2010 3.0 3.4 3.1 3.3

2011 4.4 4.5 4.5 4.8

2012 3.4 2.8 2.5 2.7

cpiboe

Year Quarter Mode Median Mean Uncertainty Skewness

1 2013 Q1 2.73 2.73 2.73 0.61 0

2 2013 Q2 2.92 2.92 2.92 0.88 0

3 2013 Q3 3.22 3.22 3.22 1.11 0

4 2013 Q4 3.13 3.13 3.13 1.27 0

5 2014 Q1 2.95 2.95 2.95 1.34 0

6 2014 Q2 2.82 2.82 2.82 1.37 0

7 2014 Q3 2.53 2.53 2.53 1.39 0

8 2014 Q4 2.41 2.41 2.41 1.42 0

9 2015 Q1 2.32 2.32 2.32 1.48 0

10 2015 Q2 2.23 2.23 2.23 1.49 0

11 2015 Q3 2.13 2.13 2.13 1.50 0

12 2015 Q4 2.01 2.01 2.01 1.52 0

13 2016 Q1 1.96 1.96 1.96 1.52 0

Thanks Patrick. You are correct (on all your points). I have updated the post to show all the data, hopefully making it easier to reproduce.

Thanks Guy, fantastic tool you have made available here. There are so many applications!

It would be an interesting exercise to take a look at old B of E fan charts and overlay the actual data on top of their prediction fans, and see whether the frequency is consistent with the split normal assumption used.

Thanks for sharing this post. I have been trying to replicate the graph, but as soon as i run the follwing command statement along with the qsplitnorm i get the an error:

> for (i in 1:k) {

+ xx[, i] 1 & skew < 1) stop("skew must be between -1 and 1") :

argument is of length zero

. I am not sure what am i missing. Would you be able to let me know if there is something very obvious that i am missing.

Hi Atmajit. Not to sure what it could be from the code you give. Perhaps it could be in the format of the Bank of England data or the column names in the cpiboe data.frame?

I just managed to replicate the example by copying the Bank of England data in the post below the lines…

> cpiboe <- read.csv("C:/Users/…/cpiboe.csv")

> cpiboe

into excel. Then I used the “Text to Columns” button in excel to get the data into separate columns (see point 3 here… http://stackoverflow.com/questions/14096692/getting-r-studio-lmer-output-to-word-excel/16033373#16033373). Then I saved the file as cpiboe.csv and adjusted the path name to read the csv file into R. The code should then run fine?

Not sure why time0 has nine replications?
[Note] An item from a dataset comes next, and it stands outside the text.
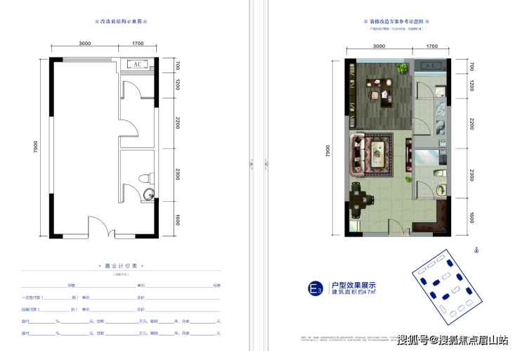 SOHO:E3户型建筑面积约47㎡
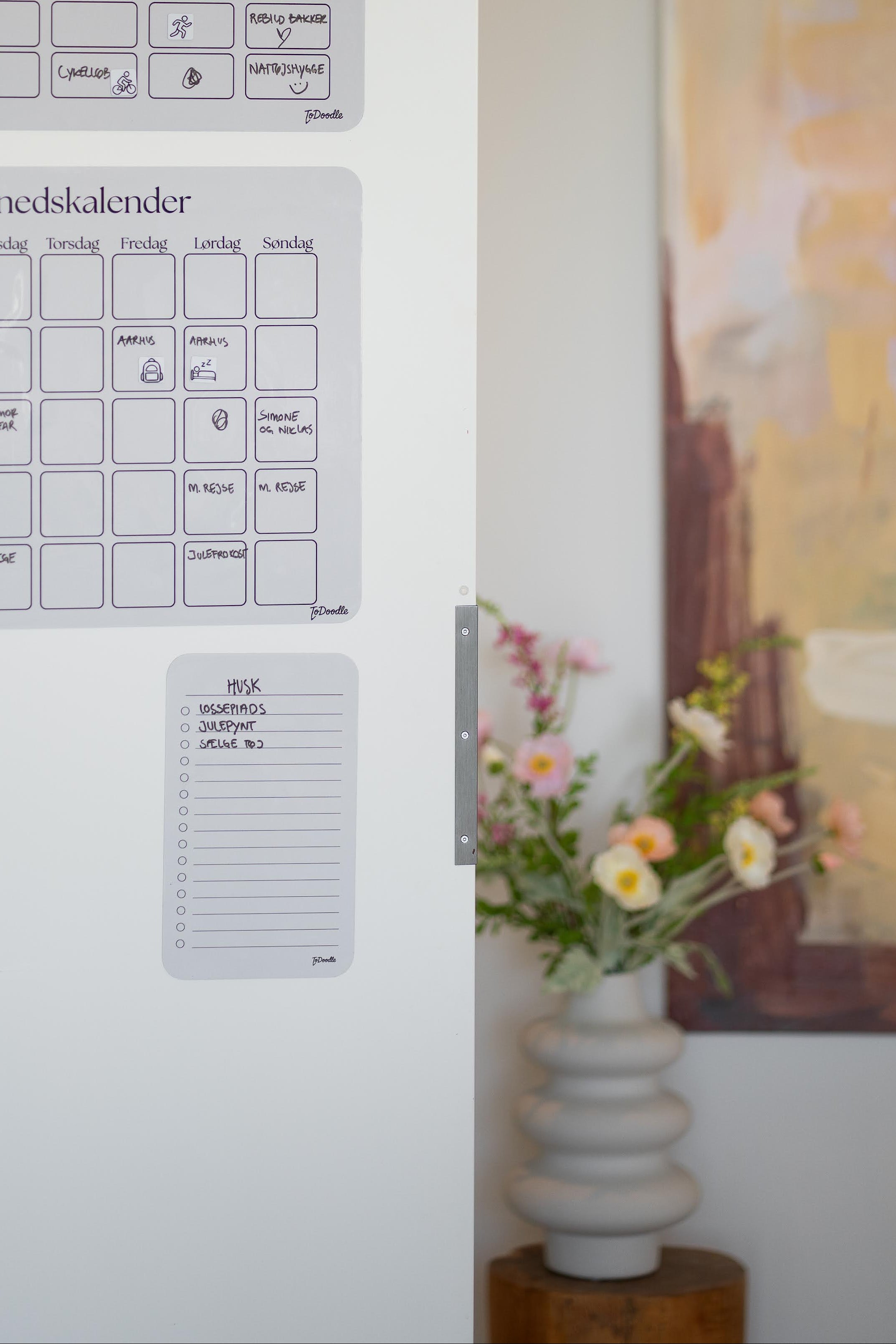 Brug den på køleskabet eller væggen, så den altid er i øjenhøjde.

Its just a variable in the boe object to indicate which quarter the foretasted mean, uncertainty and skewness are from. Its not used in the fan function at all, just to obtain the subset of the boe forecast data that (in the plot above) refer to the desired launch period (2013 Q1 above).

Just a little clarification. Two piece distributions (including the split-normal) were known long before Julio (2007) and John (1982). The two-piece normal seems to have been introduced by Fechner (1897). A nice compilation of the re-inventions of this sort of distributions is presented in:

http://projecteuclid.org/euclid.ss/1399645739

Also $\mu$ is not the mean, but a location parameter in the split-normal (two-piece normal).